A spokesperson for a Germany-based logistics provider highlighted the lingering uncertainty over demand and the unwinding of safety stocks even as supply chain reliability improves. “Warehouses remain well-stocked after the COVID-19 pandemic,” the spokesperson said. “Shipment numbers are currently declining somewhat, and the cost of transport by air and sea has dropped to 2019 levels. Further prognoses are difficult to make at the moment.”

Source: Journal of Commerce

Less Capacity Correction on Asia-Europe than on Trans-Pacific

According to Sea-Intelligence’s recent report, Asia-Europe capacity correction was not as strong as on the Trans-Pacific. This is because schedule capacity up to four weeks out has lined up closely to actual deployment. Conversely, on the Trans-Pacific, weekly scheduled capacity over two weeks out has been considerably higher than actual deployment. Meanwhile, carriers have been adding capacity on the Asia-Mediterranean corridor, having scheduled less.

In recent weeks, schedules three to four weeks out were somewhat reflective of the actual deployment on Asia-Europe. “If anything, the lines ended up adding more capacity. Although schedules 5 or more weeks away had roughly 6-23% “extra” capacity, this was nowhere close to the capacity correction that was seen on the Trans-Pacific,” says Alan Murphy, CEO, Sea-Intelligence.

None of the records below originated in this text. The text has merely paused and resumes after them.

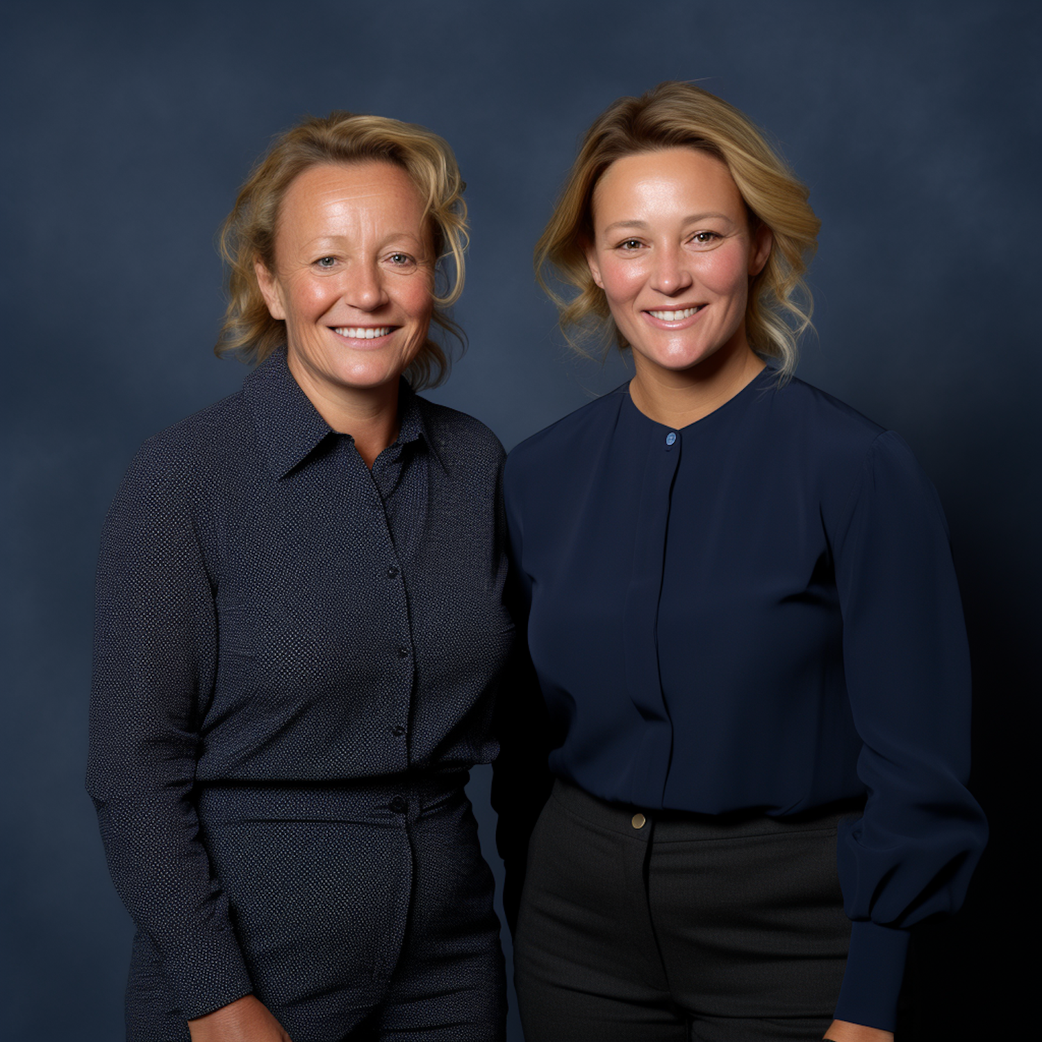 Two blonde women in navy outfits smiling warmly against a dark blue background, showcasing a friendly and professional vibe.
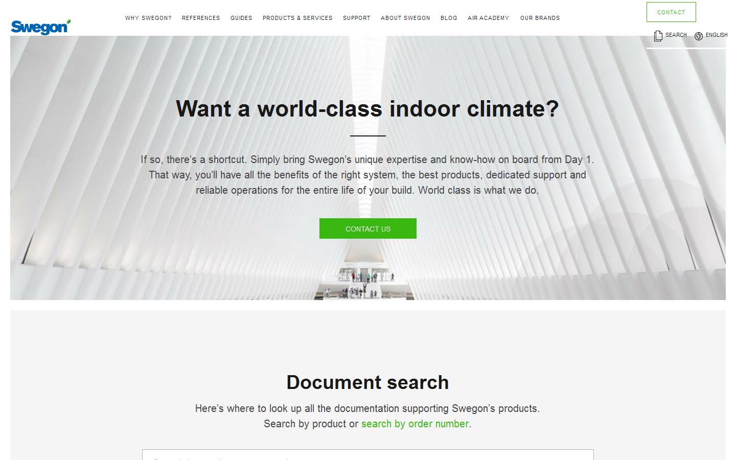 Swegon Ltd are specialists in air handling units, air diffusers, home ventilation, chillers, heat pumps and climate control systems.
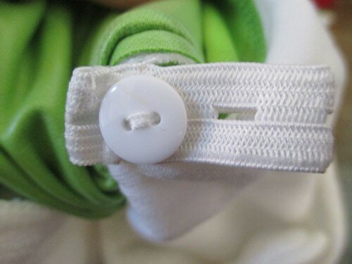 This week I've finally got round to trying a nappy on Amy only to find that I just couldn't get it to fit right. These nappies are billed as "birth to potty" - they have an array of poppers round the waist for the perfect fit and then you can tighten the elastic on the legs. As I was reading the instructions for this - which give suggested positions for weight ranges - I got really confused. Turns out if you turn the nappy completely inside out there's a strip of elastic with a button - much like you get on the adjustable waist of a pair of children's trousers.
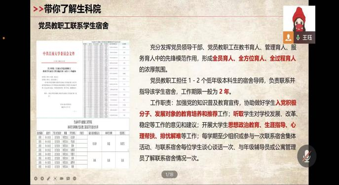 党员教师通过线上+线下双阵地,课内+课外双平台,搭建起与学生沟通的桥梁。老师们积极走进寝室和学生交流,对同学们封校期间的学习生活表示关心,勉励大家志存高远,力求上进,努力实现大学期间的自我全面发展;积极构建和谐宿舍,鼓励室友之间相互关心、共同进步;为贫困学生提供物质上、精神上的帮扶与关心,引导贫困学生自立自强、树立自信心与进取心。
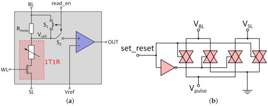 During a write operation, the read_en signal is low, closing switch S1 and opening S2 in Figure 4b. This disconnects the comparator from the RRAM cell and bypasses the measurement resistor Rmeas to prevent any write disturbance. The applied voltage pulses and WL voltages for programming the respective states are shown in Table 1. In order to reset the cells from each LRS to HRS, the voltage pulse has to be applied to the SL while the BL is grounded in order to realize current flow through the MIM stack in the opposite direction. This will rupture the conductive filament inside the MIM stack, therefore increasing the cell resistance. The polarity of the pulse is determined by the set_reset signal, which controls the set_reset switch shown in Figure 4. The set_reset switch consists of four transmission gates that connect the BL or SL to ground and the other is connected through to the Vpulse terminal. The VBL and VSL terminals are connected to the respective terminals of the memory cell, and the voltage pulse is applied to the Vpulse terminal. Therefore, the bidirectional current flow for the reset process can be realized without the need to provide negative voltages on-chip and can be controlled by one single-digital signal. During read operations, the control signal should just be on set, since pulse polarity for set and read processes is identical.

For Week 7, the capacity correction was on the higher end, whereas for Week 9, it was on the lower end, meaning there was a higher capacity correction in Week 7. According to Murphy, carriers on the Asia-Europe route corrected capacity “too aggressively” for week 7, but ended up adding some back in the weeks leading up to the week of deployment.

On Asia-Mediterranean, for the three week period of Weeks 7-9, there was a trend of positive capacity correction where capacity was added back instead of taken out.